- **Task requirements**: Transcribe, word for word, all of the entries below, and exclude any pictures from the copy.

- **Entries shown**:
◆ ◆ ◆ ◆ ◆

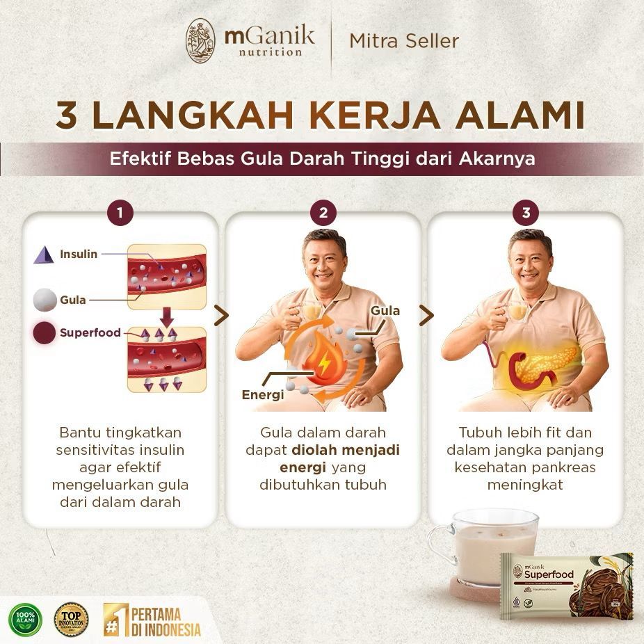 Mganik Superfood Multigrain 500Gr 1 Box 20 Sachets (25Gr) Meal Replacement Suplemen Diabetes
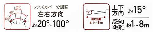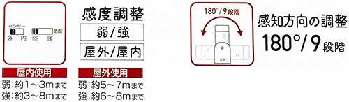 屋外使用 約5m~約8mまで(強弱切り替え 高さ1.5m設置時)
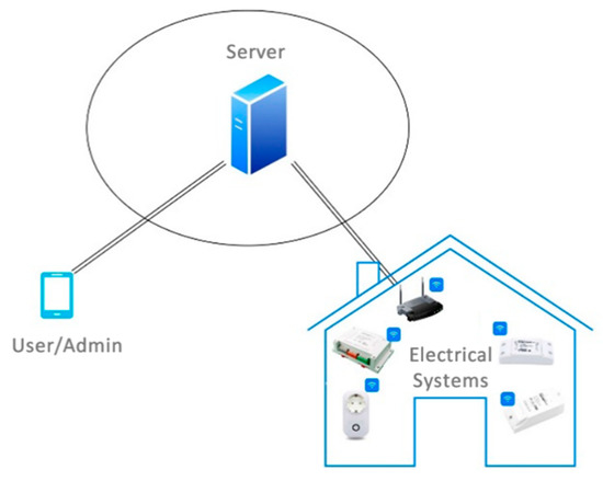 - The server, which manages the whole system by storing parameters received from electrical systems and its control policies. The server is the brain of the IoT system because it maintains the status of the different sensors, and, based on the policy rules, will apply automatic actions. The server will manage the communication protocols and procedures to retrieve information and apply actions. This procedure will be based on a publish/subscribe interaction (message queuing telemetry transport protocol), as described later.
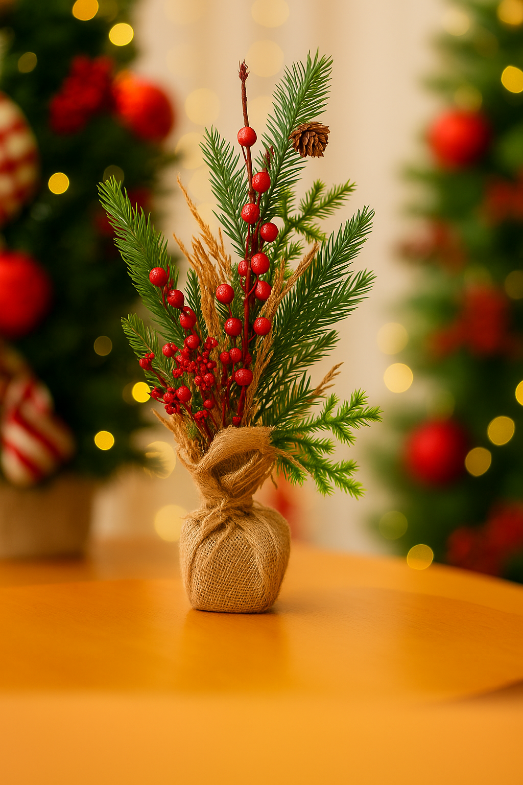 Decorada com galhos de pinho, frutinhos vermelhos, pinhas naturais e acabamento em juta, a árvore transmite a essência do Natal de forma elegante e acolhedora. Seu tamanho compacto permite fácil combinação com outros enfeites e composições, sem perder o destaque.
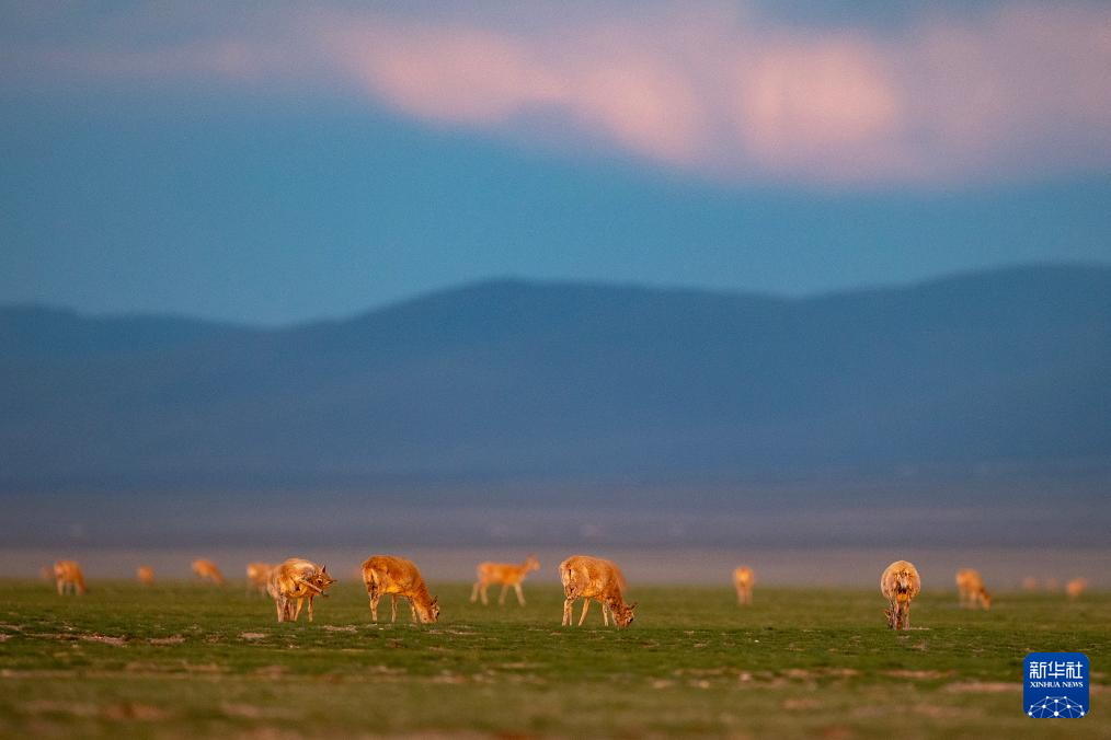 晚霞中魯確塘草原上待產(chǎn)的藏羚羊(6月16日攝)。新華社記者 費茂華 攝
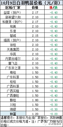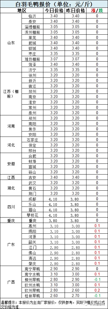明日鸭苗报价急转下滑,全国普遍下调0.3-0.4元/羽。
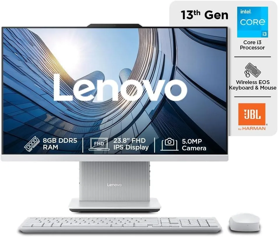 Lenovo IdeaCentre AIO 24IRH9 All-in-One Desktop, 23.8" FHD IPS 100Hz Display, Intel Core i3-1315U, 8GB DDR5 RAM, 512GB SSD, Wireless Keyboard & Mouse, Microsoft 365 Basic +...
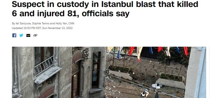 Dün akşam saatlerinde İstanbul İstiklal Caddesi'nde yaşanan bombalı saldırının ardından Türkiye ayağa kalktı. 6 kişinin yaşamını yitirdiği, 81 kişinin ise yaralandığı saldırı ile ilgili açıklama yapan İçişleri Bakanı Süleyman Soylu, bombayı bırakan kişinin yakalandığını ifade etti.

◆ ◆ ◆ ◆ ◆

- **Solved exercise**:
 Mganik Superfood Multigrain 500Gr 1 Box 20 Sachets (25Gr) Meal Replacement Suplemen Diabetes
 屋外使用 約5m~約8mまで(強弱切り替え 高さ1.5m設置時)
 - The server, which manages the whole system by storing parameters received from electrical systems and its control policies. The server is the brain of the IoT system because it maintains the status of the different sensors, and, based on the policy rules, will apply automatic actions. The server will manage the communication protocols and procedures to retrieve information and apply actions. This procedure will be based on a publish/subscribe interaction (message queuing telemetry transport protocol), as described later.
 Decorada com galhos de pinho, frutinhos vermelhos, pinhas naturais e acabamento em juta, a árvore transmite a essência do Natal de forma elegante e acolhedora. Seu tamanho compacto permite fácil combinação com outros enfeites e composições, sem perder o destaque.
 晚霞中魯確塘草原上待產(chǎn)的藏羚羊(6月16日攝)。新華社記者 費茂華 攝
明日鸭苗报价急转下滑,全国普遍下调0.3-0.4元/羽。
 Lenovo IdeaCentre AIO 24IRH9 All-in-One Desktop, 23.8" FHD IPS 100Hz Display, Intel Core i3-1315U, 8GB DDR5 RAM, 512GB SSD, Wireless Keyboard & Mouse, Microsoft 365 Basic +...
 Dün akşam saatlerinde İstanbul İstiklal Caddesi'nde yaşanan bombalı saldırının ardından Türkiye ayağa kalktı. 6 kişinin yaşamını yitirdiği, 81 kişinin ise yaralandığı saldırı ile ilgili açıklama yapan İçişleri Bakanı Süleyman Soylu, bombayı bırakan kişinin yakalandığını ifade etti.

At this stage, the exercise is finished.